TV promos – social history – with garish fashions!

I love TV – must be a child of the 80s thing and having parents that let us watch enough – but not too much telly – as kids. I grew up with the late 70s / 80s staples – Early Bird Show, Shirl’s Neighbourhood, sang with the National Boys’ Choir on everything from Ernie Sigley to the 80s icon that was Young Talent Time – and along the way picked up a fascination with TV station promos. Yep – TV promos!

Jingles can be really catchy; they grab your attention and make you feel like you’re ‘part’ of the station – marketing and advertising wonks getting their money’s worth.

In this post last year I looked at some of the classics from GTV9 here in Melbourne – including two station IDs that I recall and liked.

Recently I was thinking that TV promos are a really simple way of seeing ourselves as a community (let’s say, Melbourne in this instance) at a certain point in time. They’re windows to what was important, clothes in fashion, and the stars from the day. It’s fascinating looking at the GTV9 promos from the 80s – Peter Hitchener remains as senior newsreader; Tracey Grimshaw was a journo. Most have gone – and yes, that’s the nature of TV I guess; like life it’s transient and nothing stays the same.

Part of my fascination with social history comes from my Masters in communication – how we see things, what stories people / events / items tell us – what meaning can be attributed to something. Narrative inquiry theory is not the objective of this post (and I doubt I’ll ever write one on it!) – but as our first-year lecturer said ‘the world changes depending on where you stand’. Yes, that’s a truism but think about it more deeply and it becomes a very simple way of understanding other people – put yourself in their shoes.

Everyone has stories. Everyone has a story to tell. Everyone is part of a community (whatever that means for you) and TV stations (I think) love to make you feel as if they’re part of you, you’re a part of them -and bingo – brand loyalty.

….Or am I being a cynic who loved every moment of Frontline….?!

As I look back to the 80s, YouTube is a goldmine of social history of how people saw themselves and how communities and their televisual selves, as portrayed in the promos, have changed.

We can learn as much about how we saw ourselves as Melburnians thirty years ago by seeing our city portrayed in these promos as we can by looking at the fantastic plaques on city buildings that tell of what they were; or looking at the various statues in the city; or the different architecture styles.

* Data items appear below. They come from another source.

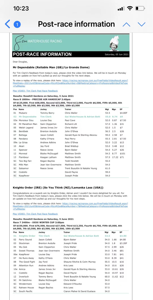 Congratulations to all The ACJC Million Dollars Club owners & ACJC members. Our horse Knights Order finished 1st & won the Winter Cup, also Mr Dependable finished 2nd in other race at Rosehill Garden today. What a fantastic results! 我們的兩匹馬今天在Rosehill 出賽,均取得好成績,Knights Order 贏得了$150000奬金的Winter Cup, Mr Dependable也在另一場賽事取得第二名,可喜可贺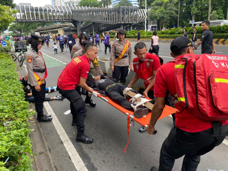 Di tengah pelaksanaan CFD, terjadi kecelakaan lalu lintas tunggal yang melibatkan satu kendaraan roda dua. Personel patroli bersepeda yang berada di lokasi langsung mengamankan TKP, memberikan pertolongan awal, dan membantu proses evakuasi korban ke RS Jakarta menggunakan ambulans Artha Graha.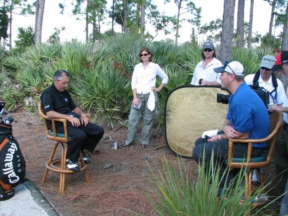 From golf to ski to Olympic athletics, significant experience as an executive producer on brand commercial shoots, product discovery sessions, and press events. This includes creative concepts, scriptwriting, and conducting on- and off-camera interviews with legends from the sporting world such as Arnold Palmer, Phil Mickelson, Ernie Els, and Gary Player (who is not sleeping during my interview of him, contrary to what it may seem in the photo below).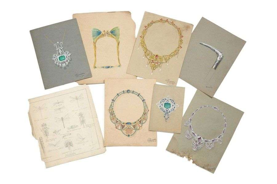 Suite de sept dessins polychromes à la gouache figurant des bijoux. On y joint un dessin à la pointe sèche et rehaut de polychromie figurant différentes vues d'une libellule. Signés et quelques uns datés 1907 et 1908. Dimensions: 24 x 23 cm (déchirures et taches)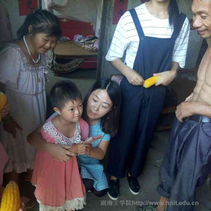 在周艳红一行步往贫困户戴香香家途中,村委书记简单介绍了香香一家的情况。到达香香家门口时已经是上午十点,大家发现门口一个四岁左右的小女孩端着一碗白饭,桌子旁站着一个个子矮小的女人和一位老奶奶。村委书记一一跟周艳红他们介绍,小女孩就是10岁的香香,桌子旁那个残疾女人就是香香的妈妈,老人就是香香的奶奶,香香的爸爸在地里干活去了。他们对眼前的一切感到手无所措,香香对大家的到来却没有任何反应。村委书记跟他们说明了周艳红一行走访的目的,于是两名学生跟老奶奶进行了交流,周艳红凑近香香耳朵边,大声跟她说话,香香没有表情反应。她奶奶跟随队学生讲香香至今都不会说话,个头很矮小,香香的爸爸也是残疾人,只能干点农活,没有收入来源,所以也没有到医院去检查。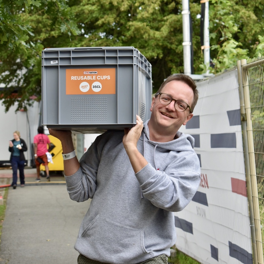 - Herbruikbare bekers en eetbakjes zorgen voor minder afval op het terrein.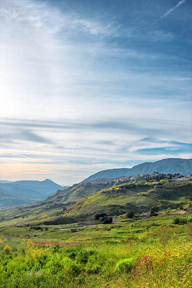 Heute haben wir glücklicherweise friedlichere Zeiten auf Sizilien. Wir schiessen nur noch mit dem Fotoapparat. Und das lohnt sich wegen der "Felsenlage" in Polizzi Generosa ganz besonders an den Rändern der Stadt. Z.B. am grossen Belvedere mit seinem direkten Blick auf die Höhenzüge der Madonien.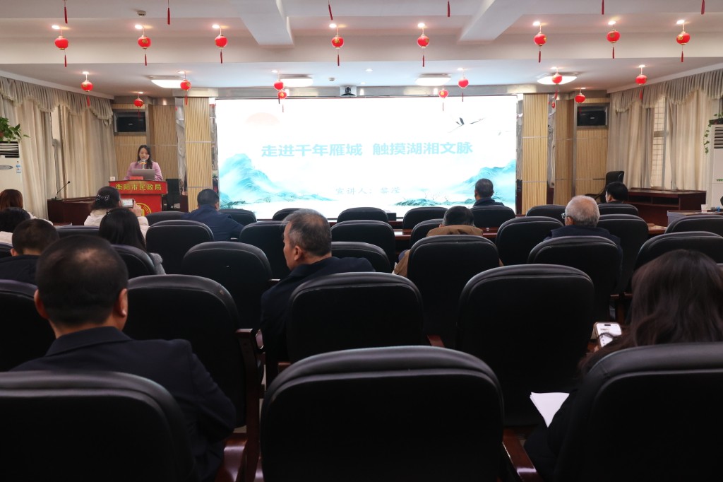 12月12日下午,衡阳市民政局举办2024年第十七期“民政讲堂”,市第二福利院黎滢同志就衡阳历史文化作了交流分享。全体在家局领导、机关干部职工及局属单位负责人参加活动。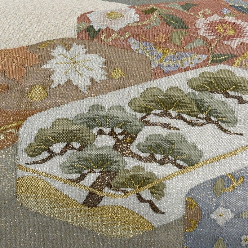おめでたい席に相応しい意匠の袋帯でございます。 格式高いお席にもお使いいただけますので、お見逃しのないようお願いいたします。 リユース品としては目立った染み傷なく、状態の良いお品でございます。 ※なお、厳しく商品の状態確認を行っておりますが、記載の汚れ以外にも見落とし箇所がある可能性がある旨ご了承いただけますと幸いです。 沢山の商品の中からご覧いただき誠にありがとうございます。
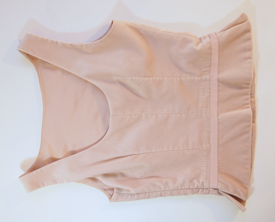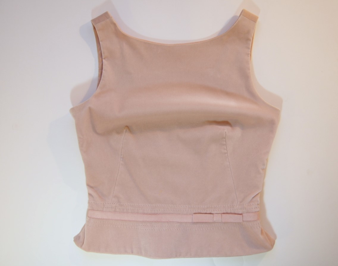 トップスはノースリーブで肩が少し入ったラインで、ウエストにリボンがあり、トップスの裾は裏もベロアで二重になっています。背中の開きも女性らしく素敵です。一般的な下着で背中から出る心配はありません。ほどよい開きです。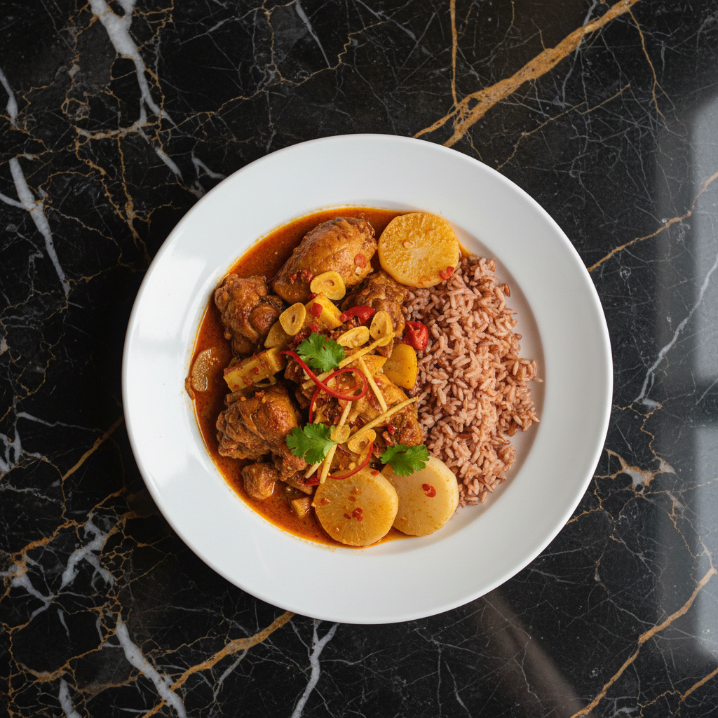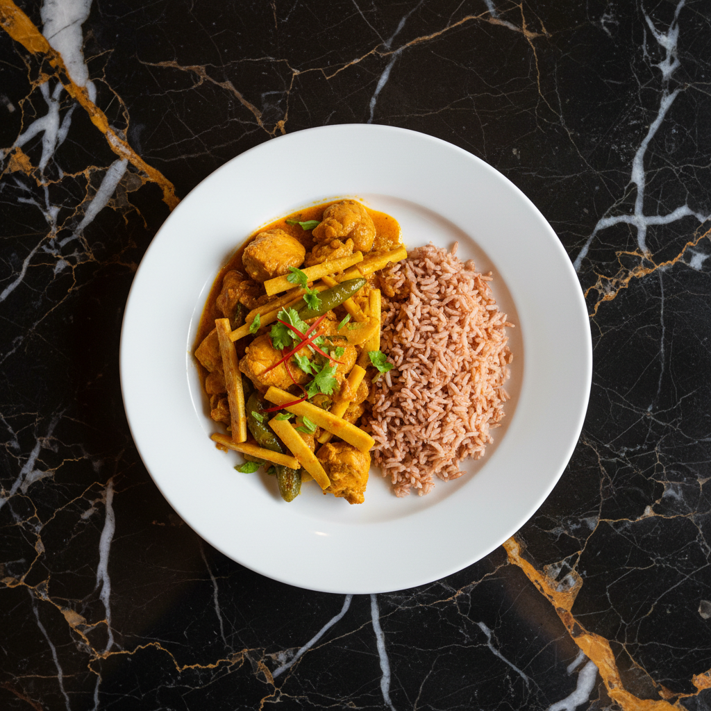 A comforting and flavorful stew featuring tender chicken pieces simmered with fresh bamboo shoots, chilies, and aromatic Bhutanese spices. This dish highlights the use of local ingredients and is a staple in many Bhutanese households, often served with red rice.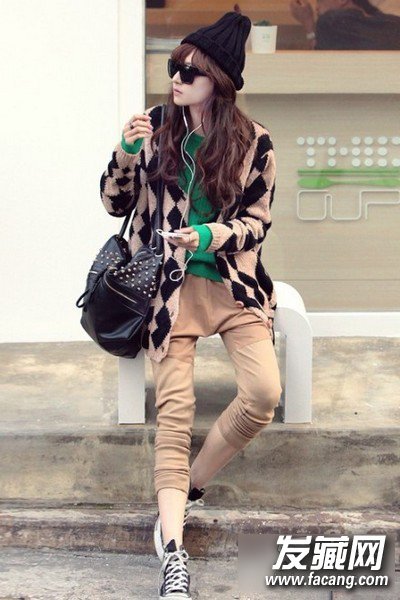 时尚的长卷发发型,棕色的染发颜色很衬肤色,哈伦裤加球鞋的搭配休闲感十足,外出旅游什么的时候最适合了。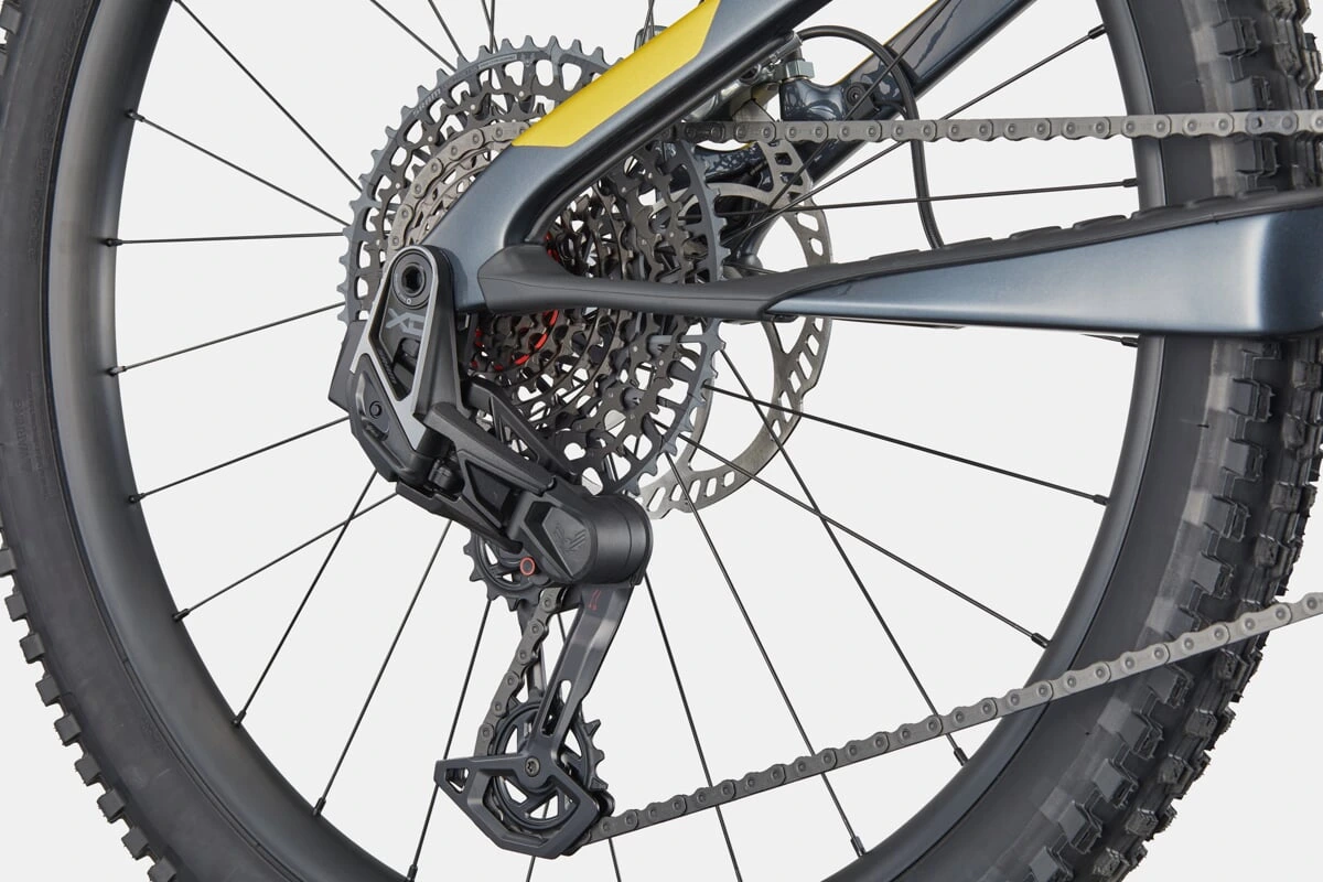 Najwyższej klasy napęd SRAM XO Eagle AXS T-Type oferuje bezprzewodową obsługę, ekstremalną wytrzymałość i natychmiastową zmianę przełożeń. Kaseta 10–52 i 12-rzędowy łańcuch T-Type zapewniają szeroki zakres przełożeń nawet na najstromsze podjazdy.

And so to my equal favourite Melbourne promo – this one is superb because it’s SO Melbourne – and yet, as I’ll detail in another post, so not…

 

The iconography of this promo is superb – trams, the river, CBD, the bay – just says ‘Melbourne’ to you – and the jingle is great. In fact, somehow the Hello Melbourne jingle got stuck in my mind just as I was boarding a plane in Vancouver to fly to back to Australia and I could not for the life of me get it out – thank you Frank Gari!

If Hello Melbourne was catchy, this one from GTV9 is my favourite ‘way things were’ promo – it’s reflective, very earnest and I love the orchestrations. It features many stars, including Marmalade the cat!

 

And it’s not just Melbourne TV promos that can click along with a good theme. This is from BTV6 in Ballarat from the mid 80s, prior to aggregation and VIC-TV and WIN-TV. I can’t make out the words but having spent holidays with my cousins in Ballarat, I was always bemused as to why they only had one commercial TV station…with lots of shows from all three networks. It’s a catchy little number.

 

Back in Melbourne, HSV7 in the early 80s (I think, looking at the footage – this is pre Hello Melbourne) had this – the good old five and two!

 

To conclude – two classic pieces of Aussie TV – the first, a clip from the Logies – with those hairdos! It’s jingle-central from 1987:

 

And finally – the gang from Frontline do their take on promos – eerily brilliant and very very close to the bone!

 

(a big thanks to those peeps who’ve taken the trouble to pop these clips on YouTube – cheers all!).